Virtual methods and polymorphism in C++

Virtual methods
Pure virtual function & abstract base class
Key terms summary

Surprisingly, even I work with the product that is written majorly in C++, I don't have to deal with the stuff that differentiate C++ from C. However, I'm now working on a defect that forces me to simplify C++ objects in order to get the root cause of the problem. That's the place where I have to really need to know how exactly C++ class is structured.

One question I asked myself several years ago: "What is virtual method in C++?" I believed, at that time, I got the answer but I was too lazy to record it somewhere. Now, I have to pay the price by wasting my effort again to dig out the answer. So, I'd better save it at someplace this time and the following is just a simple example to partially show the answer to the question. I know C++ is a monster and I'll definitely need to rewrite the post some day in the future when I know more about the language. However, this answer is good enough for me now.

Virtual methods

Let's consider the following code snippet: we have a base class called Animal and its subclass called Dog

#include <iostream>
using namespace std;

class Animal{
public:
  void getFamily() { cout << "We are animals" << endl; }
  void getClass() { cout << "I'm an Animal" << endl;}
};

class Dog: public Animal{
public:
  void getClass() { cout << "I'm a Dog" << endl;}
};

int main()
{
  Animal *animal = new Animal;
  Dog *dog = new Dog;

  animal->getClass();
  dog->getClass();
}

Now, inside the main, we call animal->getClass() and dog->getClass(). We compile our code using g++ -std=c++11 a.cpp and run the program and get

I'm an Animal
I'm a Dog

As you can see, each object calls their getClass method respectively. Now, let's add a function called whatClassAreYou() to our code above

void whatClassAreYou(Animal *animal)
{
  animal->getClass();
}

and in our main function, we call our newly-added function with

whatClassAreYou(animal);
whatClassAreYou(dog);

and the output looks like below

I'm an Animal
I'm a Dog
I'm an Animal
I'm an Animal

As you can see whatClassAreYou() only calls the getClass() method of our base class Animal even when we pass in Dog class object. Ideally, we want our whatClassAreYou() method call the right getClass() method depending on what class object we pass into. In other words, if our Dog class implements its own getClass() method, we want our whatClassAreYou() method be aware of this fact and call it instead of calling getClass() of our base class Animal. That's why we want to add virtual keyword to the getClass() of our base class. We are essentially telling the compiler that our base class getClass() method might be overridden by its subclass and be aware of this fact when some other method wants to call it.

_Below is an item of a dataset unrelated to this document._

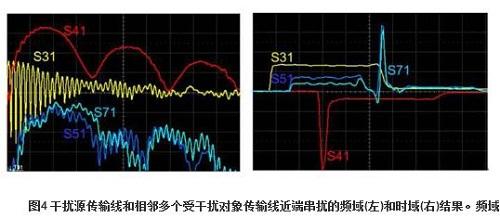 S参数中的大多数术语表示的是端口之间串扰的直接测量结果。在一条传输线上的端口1输入正弦波形,在相邻的传输线的端口3的输出之间的串扰标识为S31,而相应地从端口1输入,端口4输出的串扰则表示为S参数矩阵中的S41。

Now our code looks like below

#include <iostream>
using namespace std;

// Virtual Methods and Polymorphism
// Polymorphism allows you to treat subclasses as their superclass and yet
// call the correct overwritten methods in the subclass automatically

class Animal{
public:
  void getFamily() { cout << "We are animals" << endl; }

  // When we define a method as virtual we know that Animal
  // will be a base class that may have this method overwritten
  virtual void getClass() { cout << "I'm an Animal" << endl;}
};

class Dog: public Animal{
public:
  void getClass() { cout << "I'm a Dog" << endl;}
};

void whatClassAreYou(Animal *animal)
{
  animal->getClass(); // use "virtual", proper getClass() method will be called depending on
                      // the exact type of Animal* animal get passed in (i.e. base class Animal
                      // or subclass Dog)
}

int main()
{
  Animal *animal = new Animal;
  Dog *dog = new Dog;

  // If a method is marked virtual or not doesn't matter if we call the
  // method directly from the object
  animal->getClass();
  dog->getClass();

  whatClassAreYou(animal);
  whatClassAreYou(dog);
}

and the output is

I'm an Animal
I'm a Dog
I'm an Animal
I'm a Dog

The reason behind this scenario is what we called polymorphism, which means "many form" in Greek. Here is how this concept get explained in C++ Primer:

We speak of types related by inheritance as polymorphic types, because we can use the “many forms” of these types while ignoring the differences among them. The fact that the static and dynamic types of references and pointers can differ is the cornerstone of how C++ supports polymorphism.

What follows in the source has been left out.